THE PHYSICISTS Donmar Theatre

Friedrich Dürrenmatt (1921-1900), the German Swiss playwright, was a key figure in post-war theatre and is probably best known in England for his masterpiece, The Visit (1956). The Physicists, which premiered in Zurich in 1962 and was staged by the RSC the following year in a production by Peter Brook, is a classic example of the absurdist theatre and has all the trappings of farce. The farce, however, is political and deadly serious. It was written during the Cold War era when there was a very real possibility of an all-out nuclear war and the destruction of the whole planet. Physicists had become the perpetrators of mass extinction and for many of them the moral responsibility of Hiroshima and Nagasaki had been too much.

The patients in a private mental sanatorium are killing the nurses. One patient thinks he is Sir Isaac Newton, another thinks he is Albert Einstein and a third thinks he is in communication with King Solomon.

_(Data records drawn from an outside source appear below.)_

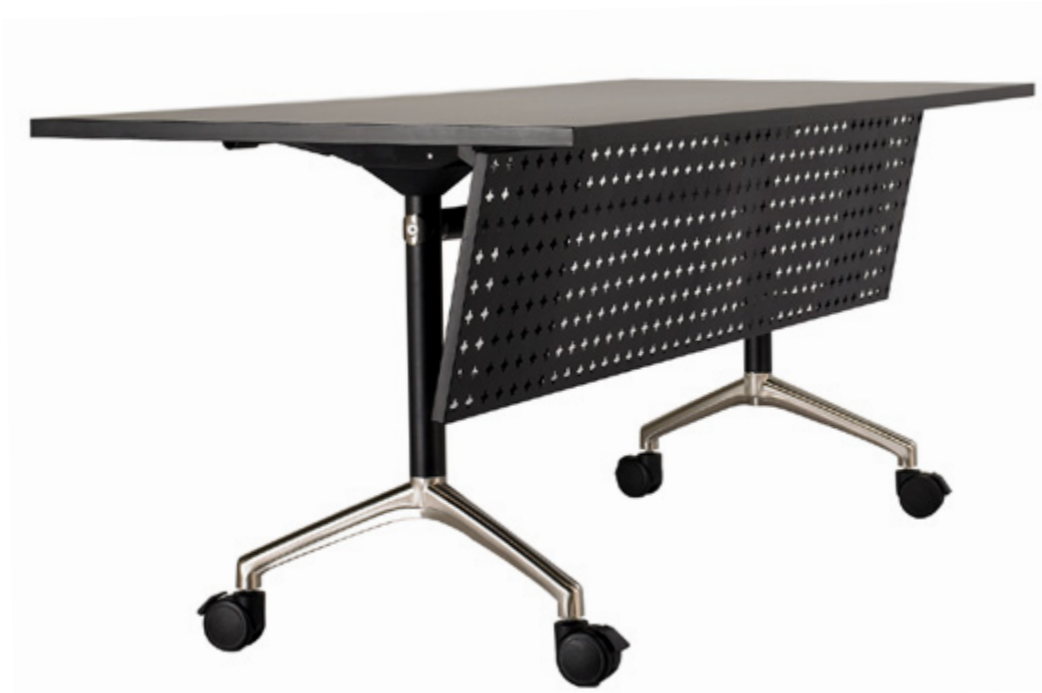
SYRUS 9100 - with Perforated modesty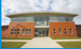
The Coleridge Centre Coleridge Gardens, Darlington, DL1 5AJ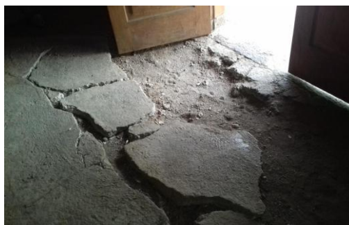
Figure 2, Bad floor picture

Based on the picture above floor conditions indicate the condition of the floor that does not meet the requirements of a good floor, such as floors made of soil, cement that has not been in kermaik, and dusty, supported by poor health behavior, such as not doing floor cleaning every morning and evening, rarely mopping the floor. Dirty floor conditions become a breeding ground for disease-causing bacteria send qualified as many as 43 respondents 41.7%. one example as in the picture below :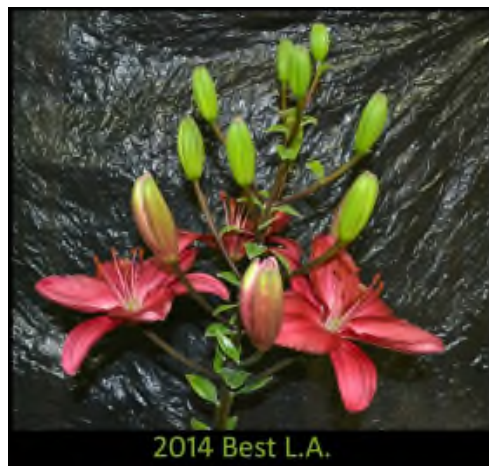
Best LA-Viola Berwald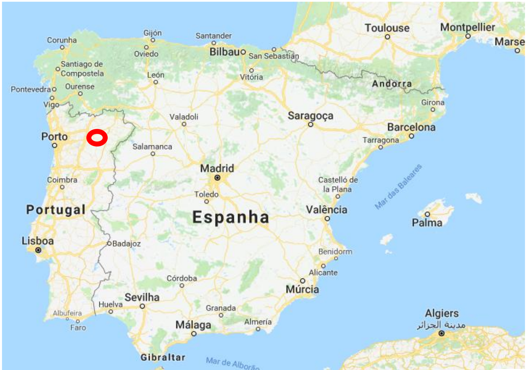
PRIMA - Information Event, March 5th 2018, Sevilla, Spain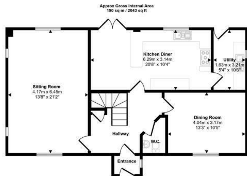
Ground Floor Approx 82 sq m / 881 sq ft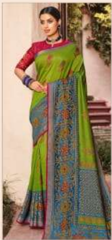
● 1906 ●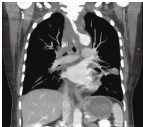
FIGURE 1: CT scan demonstrating ill-defined fluid collection in the superior mediastinum (arrow).

Judkins Right 4 catheter was used to engage the right coronary artery system. The procedure was completed without difficulty from the operator, and the patient was transferred to the postoperative holding area in stable condition.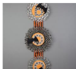
Boo Rosette Wall hanging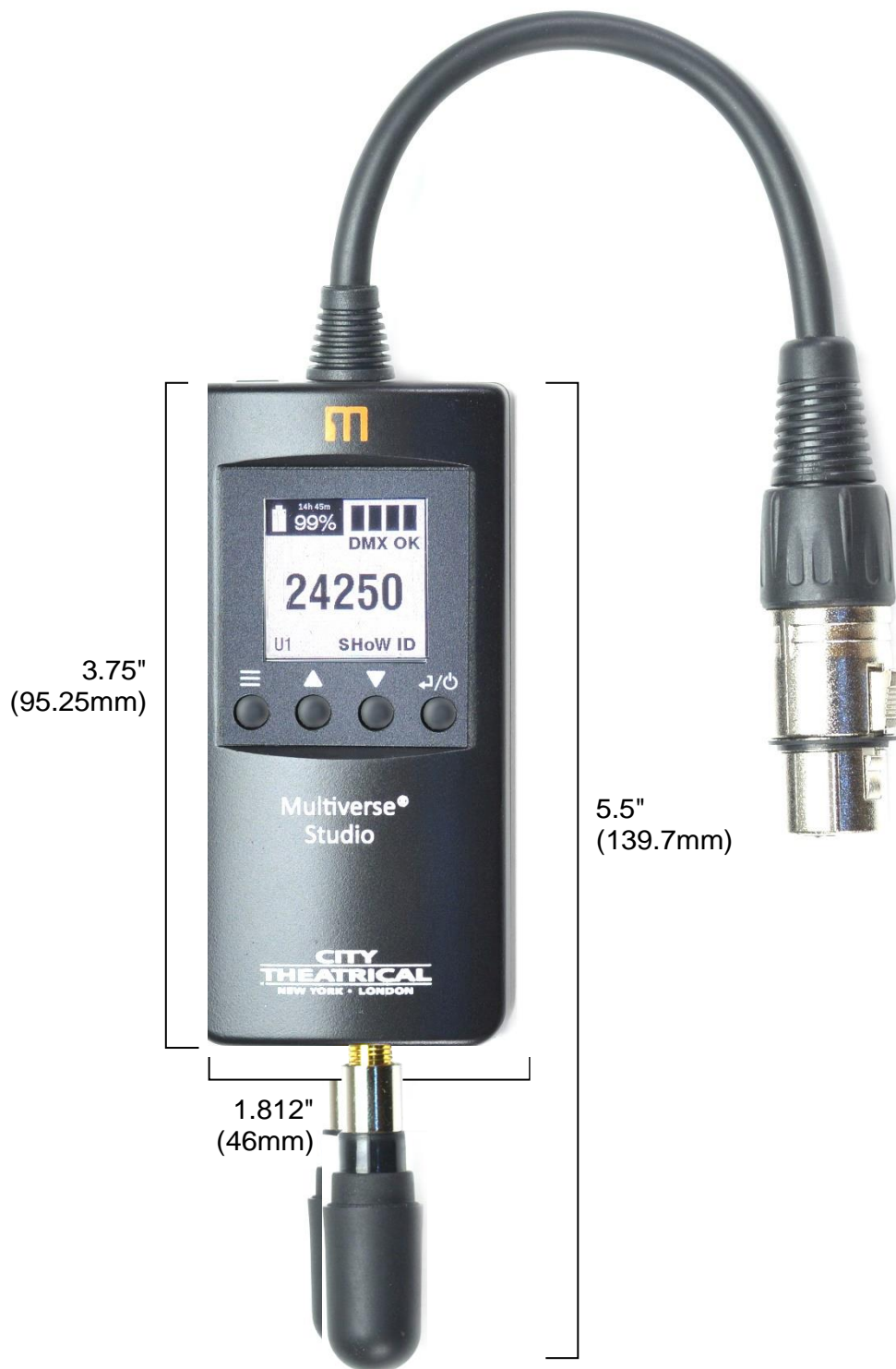
Figure 2: Face Panel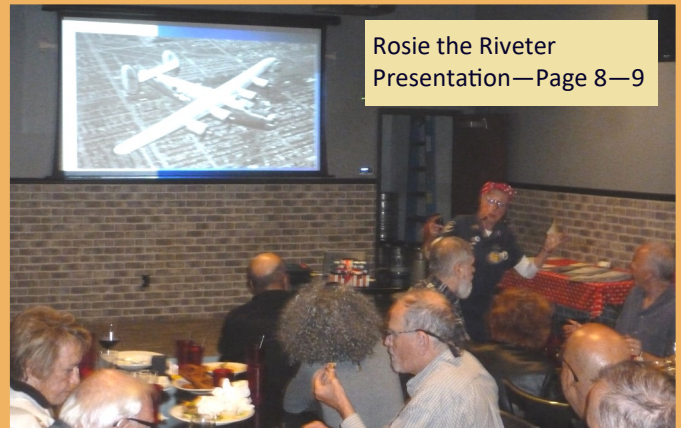
Rosie the Riveter Presentation—Page 8—9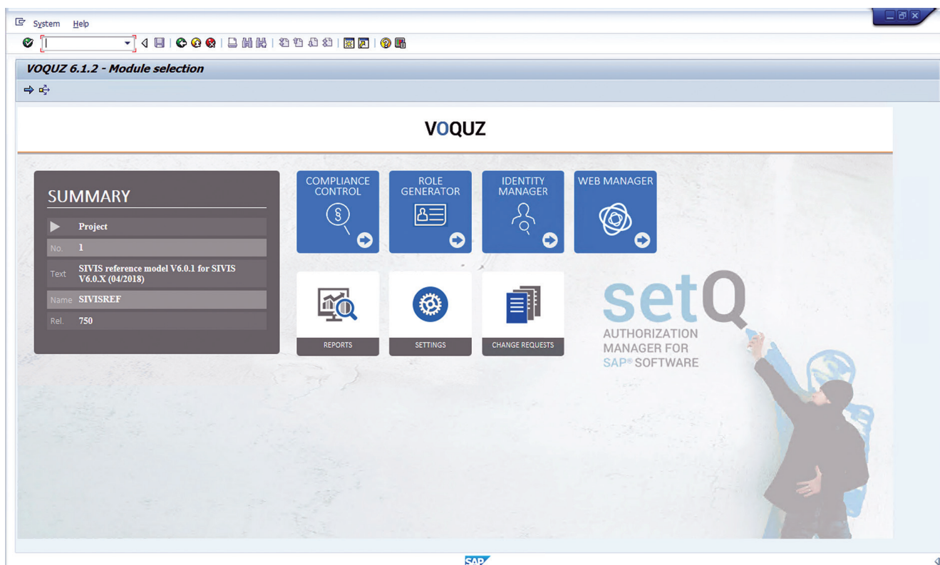
Figure 1: setQ user interface – your cockpit for easy authorization management

Even during the plug-and-play creation of new roles and concepts, setQ runs real-time checks for critical SOD conflicts in the background and can prevent them from being pushed to production automatically. The deployment of your new roles follows a transparent ruleset and does not require complicated tinkering to get started. While legacy Identity Management for SAP requires complex knowledge and months of setup and refinement, a setQ install is fast and simple.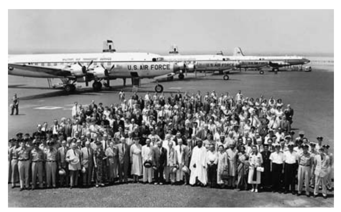
Members of the Vanishing Island delegation in front of their U.S. Air Force transport plane

Following World War II, MRA frequently turned to theater, film, and other audiovisual media to help disseminate its ideals among the public. Such media offered a means to dramatize subtle feelings and moral truths that could not be captured in words alone while also drawing on visual images to appeal directly to people's sensibilities. Compared to dialogue sessions or lectures, they also enabled contact with wider and more general audiences, who, touched by the messages conveyed, often responded in ways greater than expected.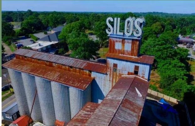
THE SILOS IN EASLEY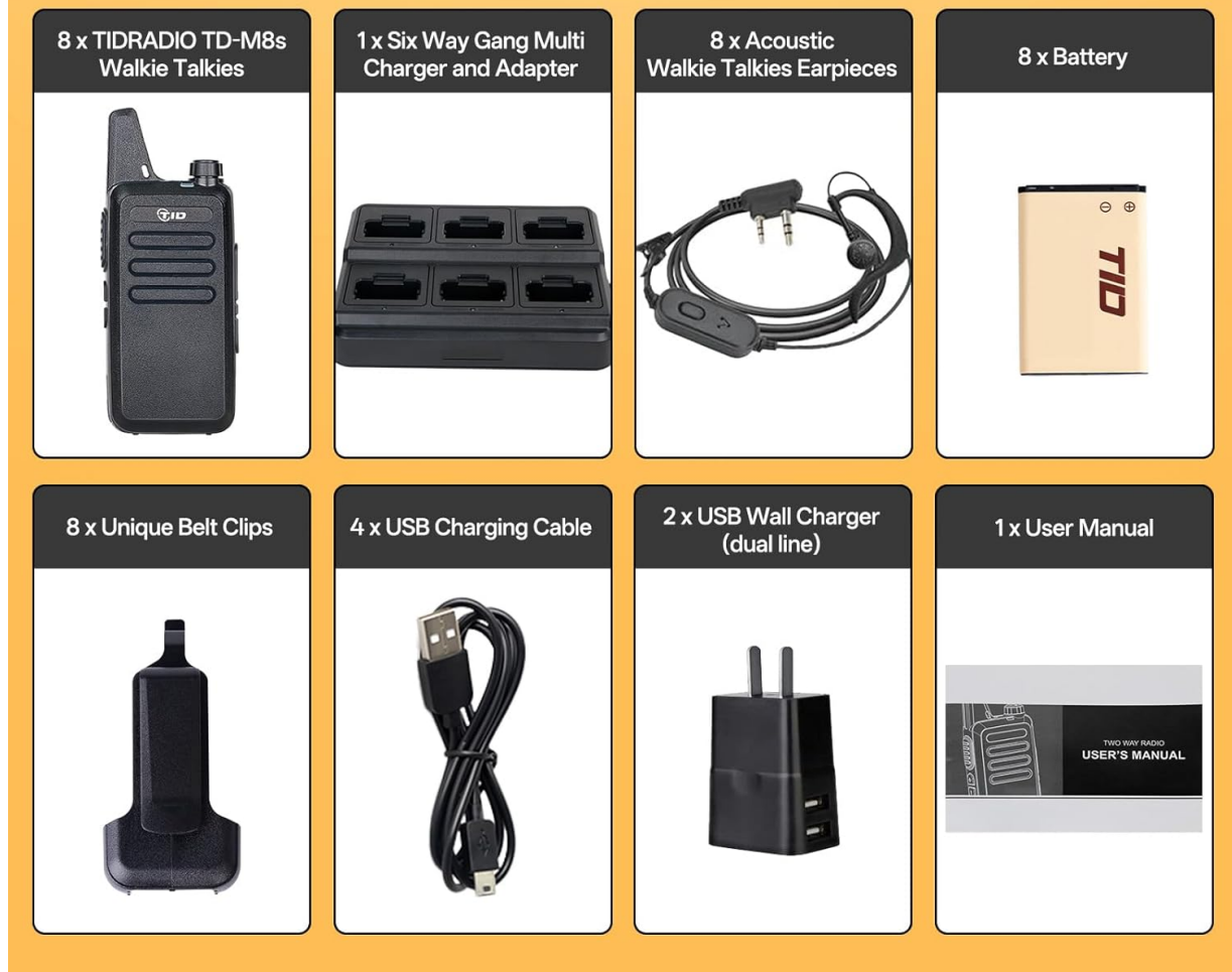
Image: Package contents of the TIDRADIO TD-M8s Walkie Talkies.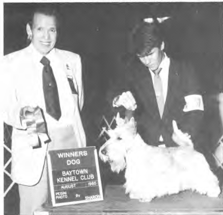
CHAMPION TINKER'S DUSTY CHIEF.

THE 5TH GENERATIONS OF WHEATEN CHAMPIONS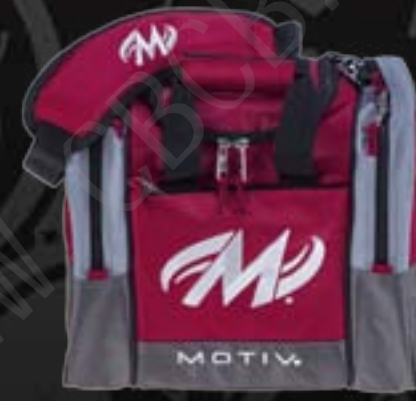
ITEM NUMBER: MTVG104RD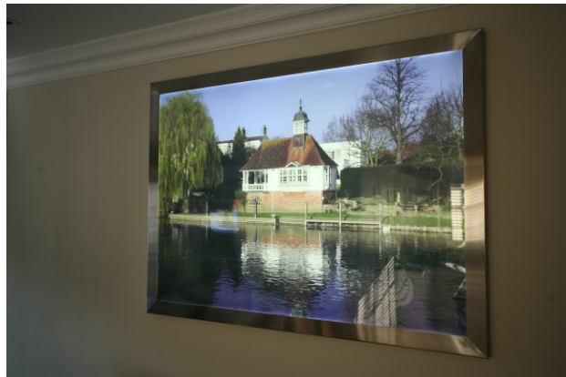
Stainless steel framed Lightframe

edge lighting the splashback of a client's new kitchen with LEDs. Earlier in the year we supplied a private client with one of our ultra slim Lightframe lightboxes – the client wanted the frame to match other furniture in the house and so we edged it with stainless steel to create a modern, minimalist illuminated frame for his photograph.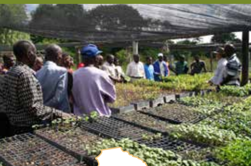
Training 75 farmers to plant trees on their land. April 2015

This project in the Copper-belt has strongly evolved since WF started working there in 2010. It was designed together with local private sector companies and farmer representatives back in April 2015. So far, 486 farmers have been trained in ANR (Assisted Natural Regeneration) techniques, silvicultural practices, etc. Efforts to promote woman entrepreneurship are underway through the training of local women fruit tree grafting with to aim to start-up home-based nurseries. The Miombo wood-lots where ANR will take place have been identified and a baseline study was started in order to measure the future projects impact on the environment, biodiversity and local communities.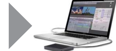
Connect this media to either your Apple MacBook Pro or Apple Mac Pro. Import the footage into Final Cut Pro. Edit. Simple.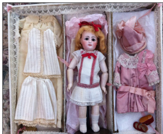
This 16-inch Raberry & Delphieu bebe with wardrobe took $3,080.

A seldom-seen German bisque head “Princess Elizabeth” marked Porzellanfabrik Burggrub/Princess Elizabeth/3½ D.R.G.M., went to an online bidder for $1,250, surpassing estimate as well. Also from Germany, the big sale of the day was not a doll at all but a Marklin tin doll pram with hanging parasol. This top seller measured 12½ inches long and 4 inches wide. It rang in at $5,225 to a satisfied phone bidder.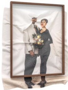
Kat Thompson RGBY: Black Is for the People, 2023 Engraved acrylic and archives reprinted on adhesive paper Dimensions variable Not for sale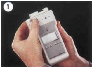
1 SWITCH ON: AUTOMATIC SELF CHECK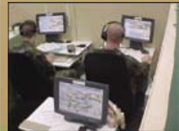
U.S. Army Armament Research, Development and Engineering Center

To assist the Future Combat Systems (FCS) Program in solving the single operator, multiple robot command and control challenge, CHI Systems developed simulation prototypes of robotic FCS weapon and sensor systems, which contain rich sets of task-based behaviors. The CHI-developed FCS Unit of Action Robotic Control behaviors allow single control of up to 200 robotic systems by assigning robotic commander behaviors to hierarchies of subordinate robots, and then managing robots by exception. Robotic commanders are able to control their subordinates, allowing the human controller to manage only a few key robotic subordinates, rather than hundreds of individual robots. The robotic control behaviors were inserted into the Armament Research, Development and Engineering Center Combat Decision Aiding System to perform testing of FCS effects-based operations by robotic systems in simulation environments. The behaviors allowed hundreds of simulated robotic weapon systems to operate with limited human intervention.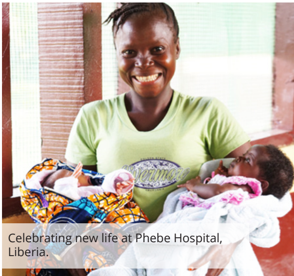
Celebrating new life at Phebe Hospital, Liberia.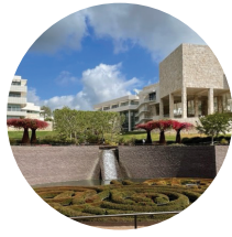
14 Central Garden, Lower Bowl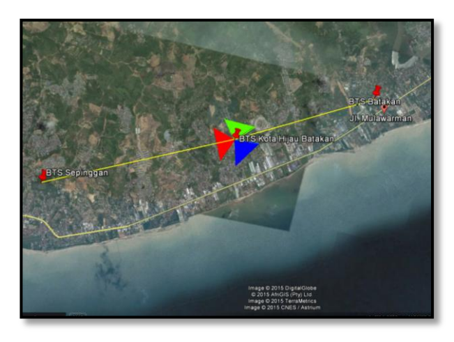
Figure 2 : Safe Distance bts24_Kota Hijau Batakan

on the see of Figure 2 bts124 _ Kota Hijau batakan to coverage already meet safe distance interference good with other BTS Near from bts124 _ Kota Hijau batakan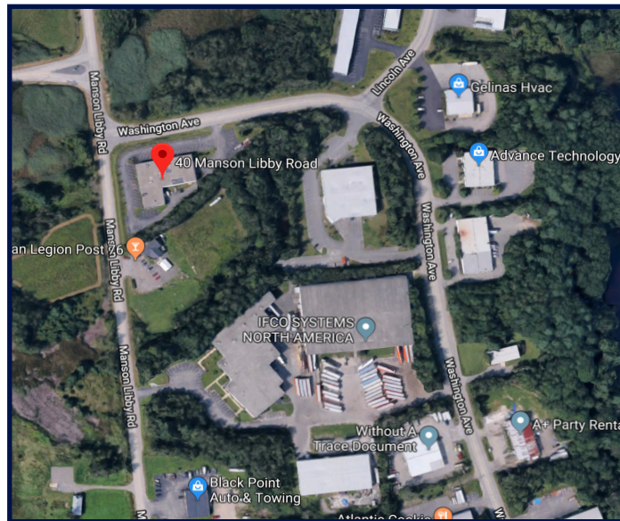
Aerial of 40 Manson Libby Road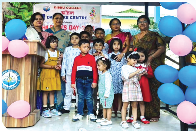
Children's Day celebration 2023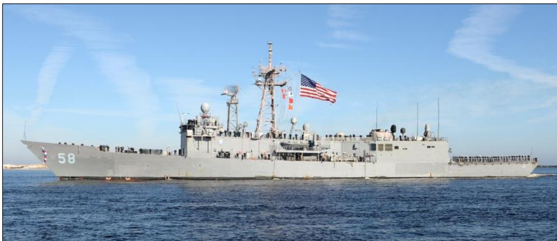
Figure 1. Oliver Hazard Perry (FFG-7) Class Frigate

But are they really mad? Or are they just pretending to be mad? How sane is the hunchbacked director of the sanatorium, played by Sophie Thompson in another of her OTT performances?

John Heffernan, a wise inmate, has the key speech when he delivers Dürrenmatt’s argument that it would be much safer to keep all physicists in the madhouse, where they could continue their research and never publish their findings, rather than let them loose and turn the world into a madhouse.

Josie Rourke’s sharp production is set in a brightly lit and clinically white area whose tall back wall is a mass of doors. 60 years on, the satire, inevitably, is dated and no longer has the impact it once had. The farce is not as funny as it used to be; but Justin Salinger, very stylish and witty as Newton, looks like he might be the perfect actor for Restoration Comedy.